We implement a new method for reconstructing phylogenetic trees from single-cell RNA sequencing data. SCITE-RNA selects single-nucleotide variants (SNVs), and reconstructs a phylogenetic tree of the sequenced cells. We maximize the likelihood of the inferred tree by alternating between the cell lineage and mutation tree spaces until convergence is achieved in both. This repository provides:

Scripts to execute SCITE-RNA. The model is split into C++ src_cpp and Python files src_python. Especially for large numbers of cells and SNVs it is recommended to use the C++ code, as it is significantly faster.

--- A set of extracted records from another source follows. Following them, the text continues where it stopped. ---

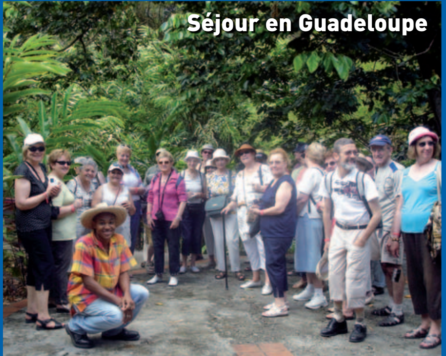
Séjour en Guadeloupe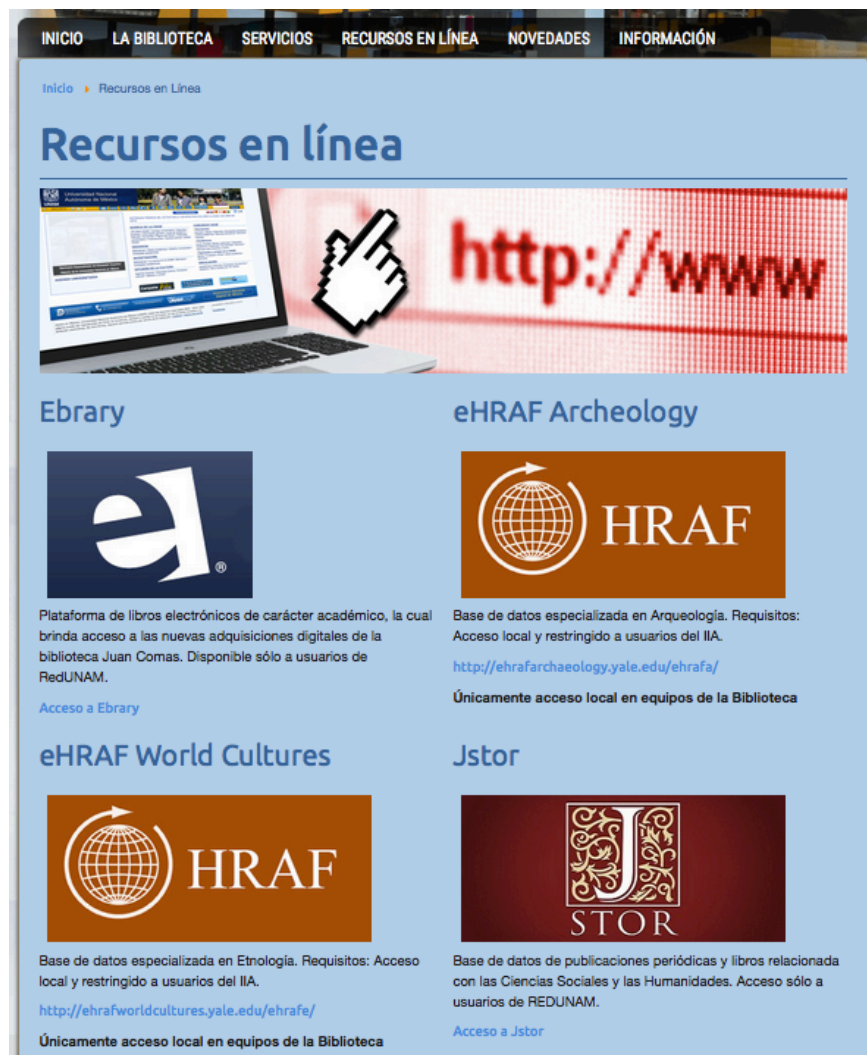
Figura 5. Recursos electrónicos

A continuación una parte importante del sitio web de la biblioteca, los boletines de novedades que están disponibles tanto para los usuarios internos como externos. Estos boletines dan cuenta de las nuevas adquisiciones de libros, revistas y otro tipo de documentos, así como de la descripción de materiales que están siendo trabajados en distintas áreas de la biblioteca, como por ejemplo, el área de Fondos Documentales Alfonso Caso. Estos boletines se publican quincenalmente y están disponibles para su lectura en todo momento. También cabe mencionar que su elaboración es una tarea conjunta entre 5 académicos de la biblioteca, situación que a la fecha ha resultado novedosa y práctica porque cada uno de los que integran esta sección se hace responsable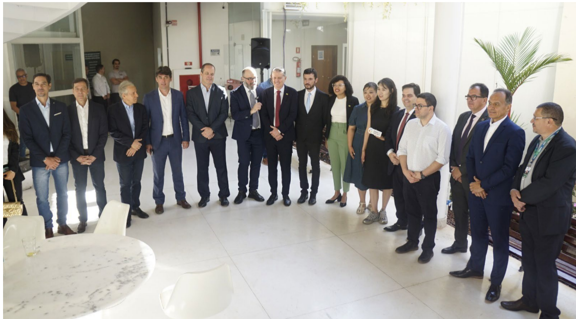
Jornalistas da comitiva chinesa que está em visita a Goiás solicitaram entrevista a fim de aprofundarem os conhecimentos sobre o estado - Foto: Ana Flávia Marinho/Seapa.

Rezende também lembrou que a China é o principal destino das exportações de Goiás, e apontou a importância da parceria comercial para a obtenção do resultado da balança comercial de Goiás, que superou a marca de 3,6 bilhões de dólares de superávit no período de janeiro a junho de 2024. “É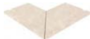
CARTABÓN EXTERIOR BORDE TÉCNICO CE-12214 JG/119 625 x 625 x 23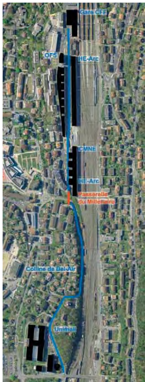
La passerelle est située à mi-parcours du chemin piéton qui longe les voies ferrées. | Der Fussweg verläuft parallel zu den Gleisen, die Passerelle sitzt in der Mitte.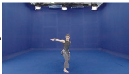
クロマキーバック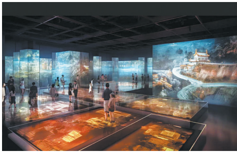
舍利塔地宫沉浸式展出体验效果图

未来,舍利塔地下整体建筑将作为史实再现的信息载体,成为人们体验多元文化的专业展陈空间。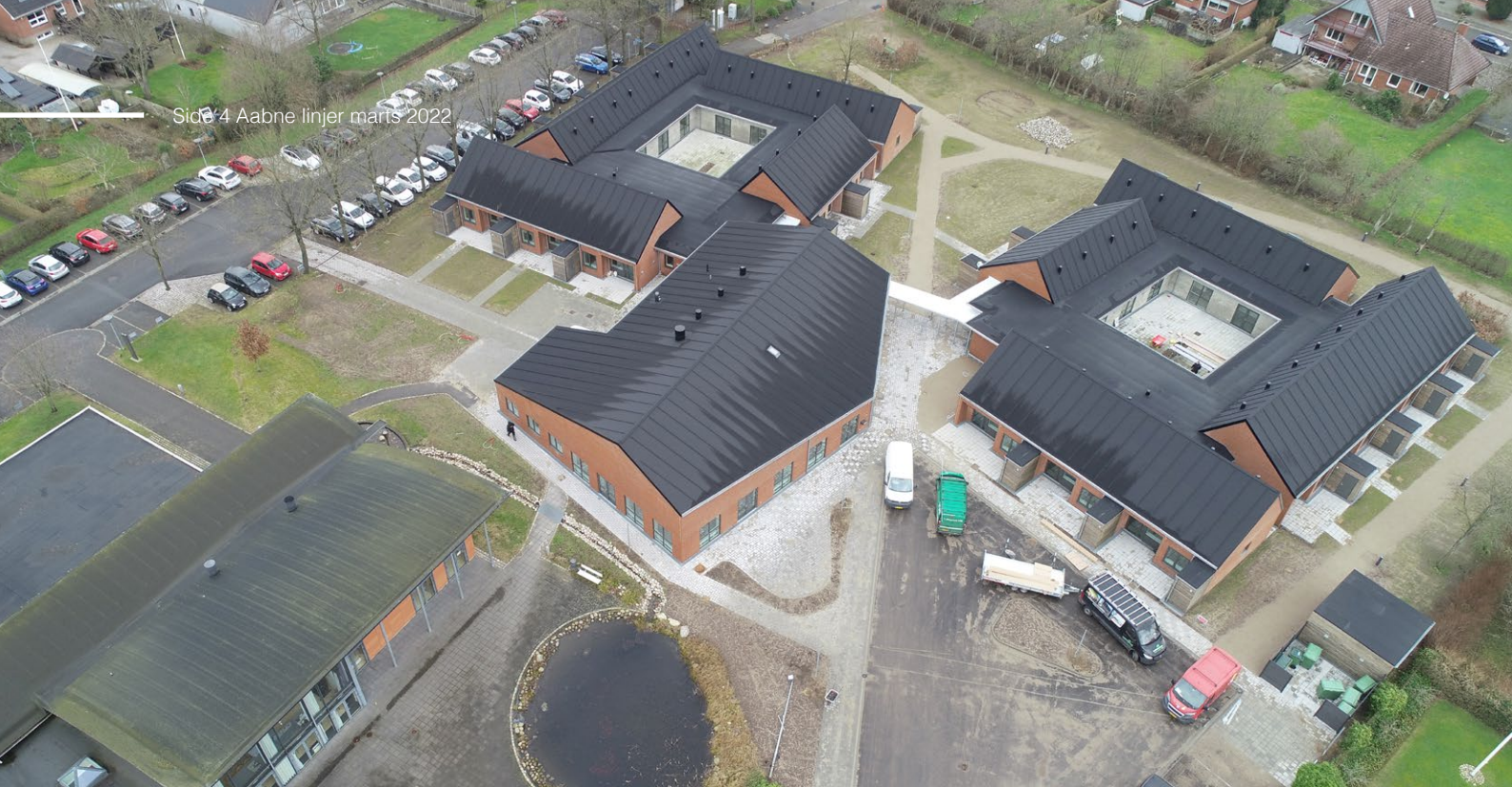
Ny Grønningen giver nye moderne rammer til beboerne og kommunens medarbejdere.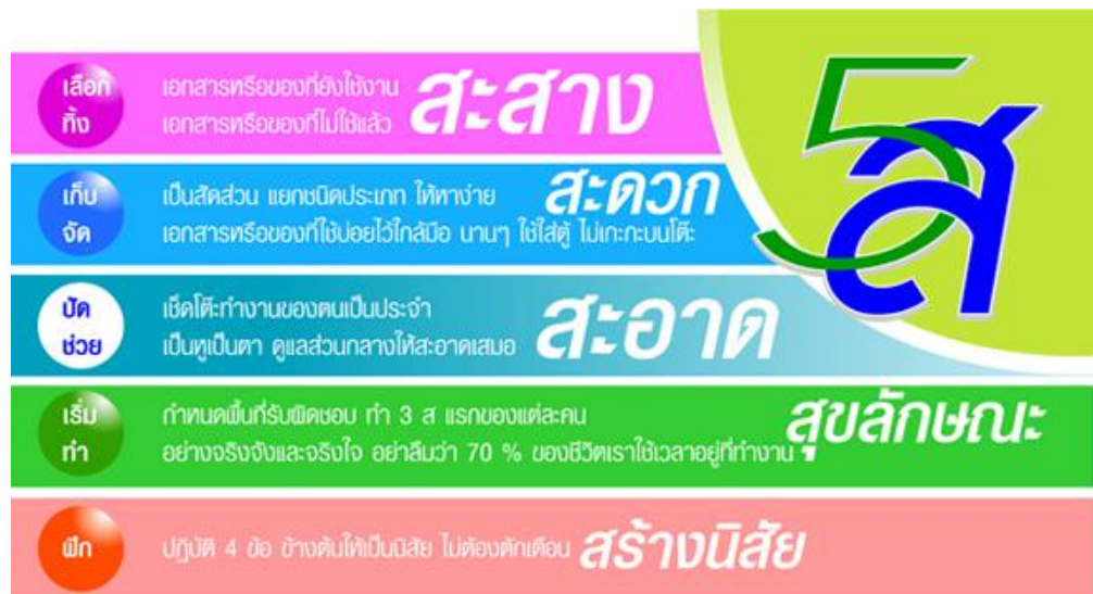
กระบวนการ ๕ ส ของ สำนักงานเกษตรอำเภอนิคมพัฒนา

สำนักงานเกษตรอำเภอนิคมพัฒนา จังหวัดระยอง ได้มีการขับเคลื่อนการดำเนินงานเกษตรอำเภอ Smart Office ตามนโยบายของกรมส่งเสริมการเกษตร โดยมีการจัดประชุมเจ้าหน้าที่เพื่อรับทราบนโยบาย และร่วมกันแสดงความคิดเห็นเพื่อกำหนดเป็นแผนการดำเนินงานประจำเดือน โดยเริ่มจากการใช้กระบวนการ ๕ ส ในการปรับปรุง และพัฒนาสำนักงานให้น่าอยู่ มีความเป็นระเบียบเรียบร้อย เพื่อสนับสนุนกระบวนการทำงานให้แก่ เจ้าหน้าที่ และเกษตรกรที่เข้ามาใช้บริการ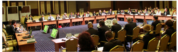
Заседание круглого стола 2

климата. Участники отдали должное Водной рамочной директиве ЕС (ВРД) как политическому инструменту, учитывающему относящиеся к воде экосистемные услуги и направленному на достижение баланса между различными видами использования воды. Страны подчеркивали необходимость соблюдения существующих правил и международных конвенций, включая Протокол по проблемам воды и здоровья, при этом делая упор на координации и сотрудничестве.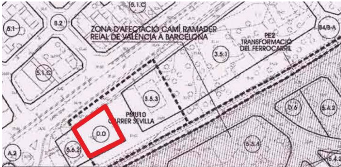
Subàmbit 1- Plànol d'ordenació. Qualificació (Planejament vigent)

II.- L'entitat mercantil GESDIP, SAU, es propietària de la finca situat al carrer de Montblanc, 16, de Mont-roig del Camp, que respon a la següent descripció registral: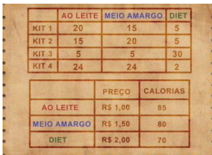
Figura 1: Tabelas com as informações

The inferred trees should be comparable between the C++ and Python implementations, but as the method is stochastic likely won't produce the exact same tree.
Data used in the paper are available in the data_summary/and data/ directories, which contain all necessary files to reproduce the figures.
Visualization scripts/notebooks to generate plots as presented in the paper.

Repository Structure

SCITE-RNA
├── data_summary/ # Summary data files, as the raw output is quite large
├── data/ # Input data files and results
      ├── input_data # Alternative and reference read counts among other files.
      ├── results # Inferred trees of the cancer datasets and consensus tree results
      └── simulated_data # Simulated data and inference results
├── generate_results_cpp/ # C++ scripts to run SCITE-RNA on various datasets
├── generate_results_python_r/ # Python and R scripts for simulating data, inferring trees and visualization
├── phylinsic_scripts/ # Slightly adapted code to run PhylinSic https://github.com/U54Bioinformatics/PhylinSic_Project on our simulated data
├── src_cpp/ # C++ source files for SCITE-RNA
├── src_python/ # Python source files for SCITE-RNA
├── config/ # Model parameters
├── CMakeLists.txt # Primary configuration file for CMake
├── README.md # Project overview and setup instructions
├── environment.yml # Conda environment file with required Python packages
├── Snakefile # Snakemake file to run the PhylinSic pipeline on simulated data
└── Snakefile_real_data.smk # Snakemake file to run the PhylinSic pipeline on cancer data

Installation

Requirements

Python Libraries:

numpy
pandas
scikit-learn
matplotlib
seaborn
scipy
numba
jupyter
pyyaml
python-graphviz
pygraphviz
dendropy

Using conda:

conda env create -f environment.yml

C++ Requirements

Cloning the Repository

To set up the SCITE-RNA project locally:

git clone https://github.com/cbg-ethz/SCITE-RNA.git
cd SCITE-RNA

Running the Model

Set Model Parameters

If desired adjust model parameters in config/config.yaml.

Simulated Data

To generate new simulated data with various parameter settings and different numbers of clones execute:

generate_results_python_r/comparison_data_generation.py

It offers the option to set the number of cells and SNVs and the number of clones simulated. The same file can also be used for tree inference. Alternatively, run the C++ version:

generate_results_cpp/comparison_num_clones.cpp

for tree inference (not data generation), which is a lot faster.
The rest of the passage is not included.